For more information on the structure of the proposed coalition government:
Conservative Responses to the Coalition Agreement
Between November 28 and December 1, the Conservative government significantly altered its position, as first established in its November economic and fiscal update. It dropped the proposed elimination of public funding of political parties, as well as the ban on striking by public servants. Moreover, it indicated that it might be open to implementing an aggressive economic stimulus package to address the concerns of the opposition parties regarding Canada’s economic fortunes.
Even with these concessions, the coalition partners (at least initially) remained committed to defeating the Conservatives and forming a new government. In justifying their position, the coalition partners stressed their general lack of confidence in the Conservatives as a governing party and the need for a change in government in order to bring decisive action on the economy. The Conservatives, in turn, charged the coalition partners with using the economic difficulties as a smokescreen for a bid to take power.
The Conservative government’s economic and fiscal update was to be put to a vote in the House of Commons on December 1, 2008, at which point the coalition partners could — and indicated they would — have defeated the legislation and caused the fall of the government. The Conservatives, however, decided to delay the vote by a week, until December 8.

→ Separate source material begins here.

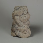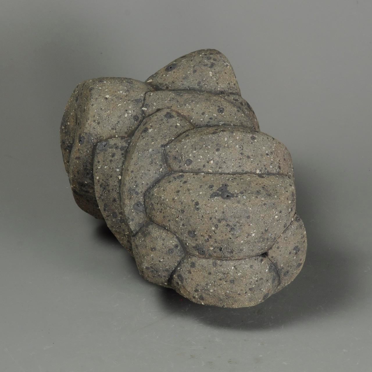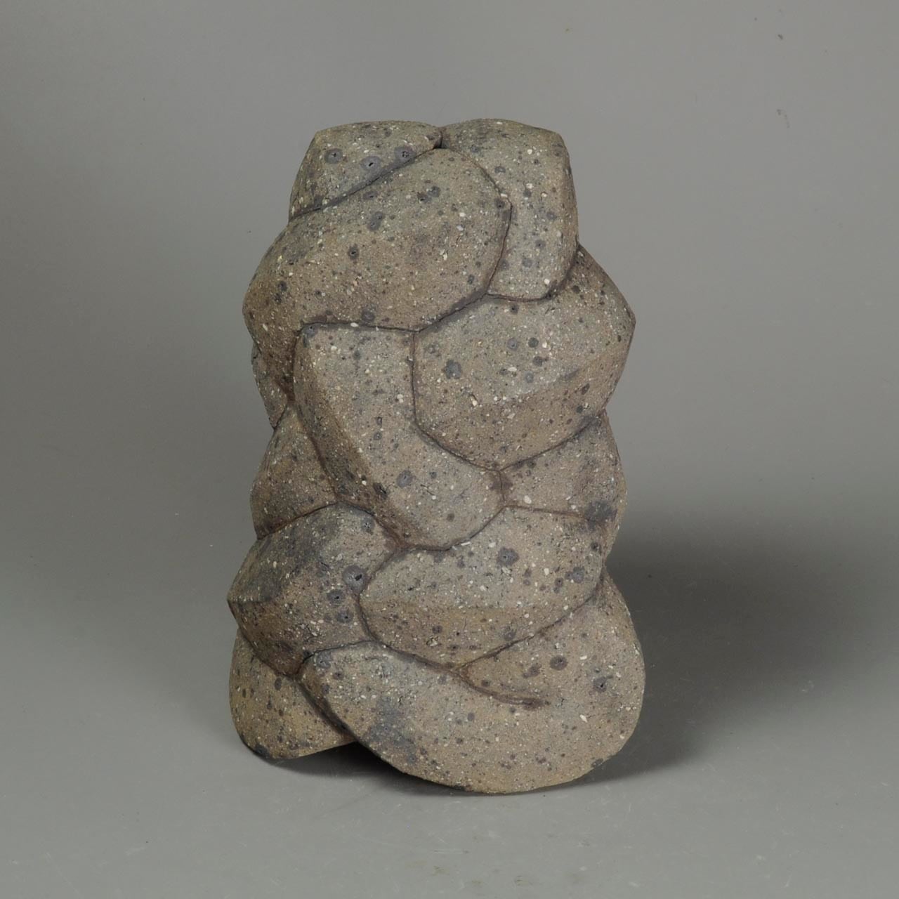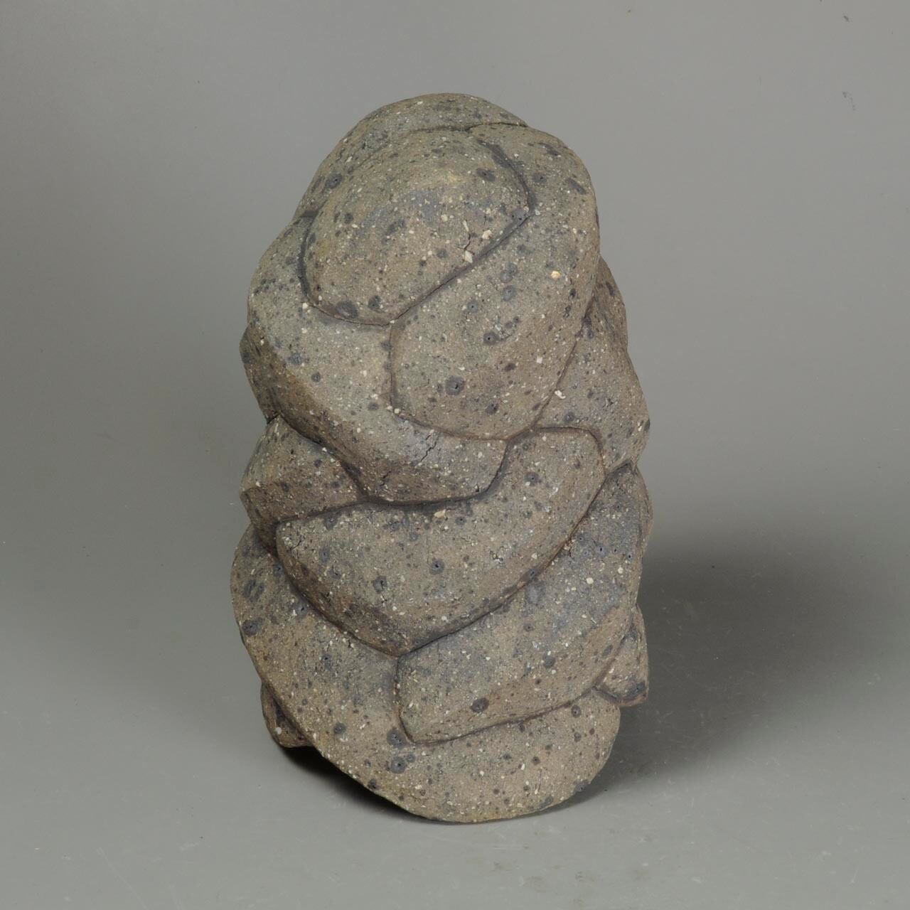 This sculpture is formed using the coiling technique from coarse raw clay containing small stones called rust clay and fine iron particles sourced from the Mino region.

Over the course of the week, both the Conservatives and the coalition partners engaged in broad media campaigns in an attempt to gain the support of Canadians. The Conservatives worked to undercut the legitimacy of a possible coalition government, emphasizing its dependence on the Bloc Québécois (a Quebec sovereignist party), and arguing that stability, as opposed to a change in government, was vital to Canada at a time of economic crisis. The coalition partners, by contrast, pointed out that the Conservatives had struck an agreement with the Bloc in 2004 to form a coalition government if the Liberal minority government at that time was defeated. Moreover, the coalition continued to publicly question the Conservatives economic leadership, pointing to the fact the party had changed its economic policies radically in less than a week, and did not seem to have any definitive direction as far as guiding Canada through its economic difficulties.
With the coalition holding together and poised to defeat the government, on December 5, 2008, Conservative Prime Minister Stephen Harper took the extra-ordinary step of asking the Governor General to prorogue Parliament. To “prorogue” Parliament is to discontinue a session of Parliament, and is a mechanism that has traditionally been used to end a session after Parliament has completed all its work. In this case, however, Prime Minister Harper employed such a measure at the beginning of a session, largely before Parliament had even begun its work, and, arguably, for the implicit purpose of temporarily denying the coalition partners an opportunity to defeat the government. The Conservatives asserted that proroguing Parliament was necessary in order to give Members of Parliament a pause to calmly review recent events. The coalition partners, by contrast, contended the Conservatives were circumventing the democratic process by denying the right of Members of Parliament to defeat the government.
In the end, the Governor General accepted Prime Minister Harper’s advice, that proroguing Parliament was indeed a necessary course of action to take, and officially discontinued the session of Parliament. As such, Parliament will resume sitting on January 26, 2009, with the Conservative government set to table a budget in the House of Commons on January 27. Upon resumption of Parliament and the tabling of the budget, the coalition partners will have a new opportunity to defeat the Conservatives and possibly form a new government.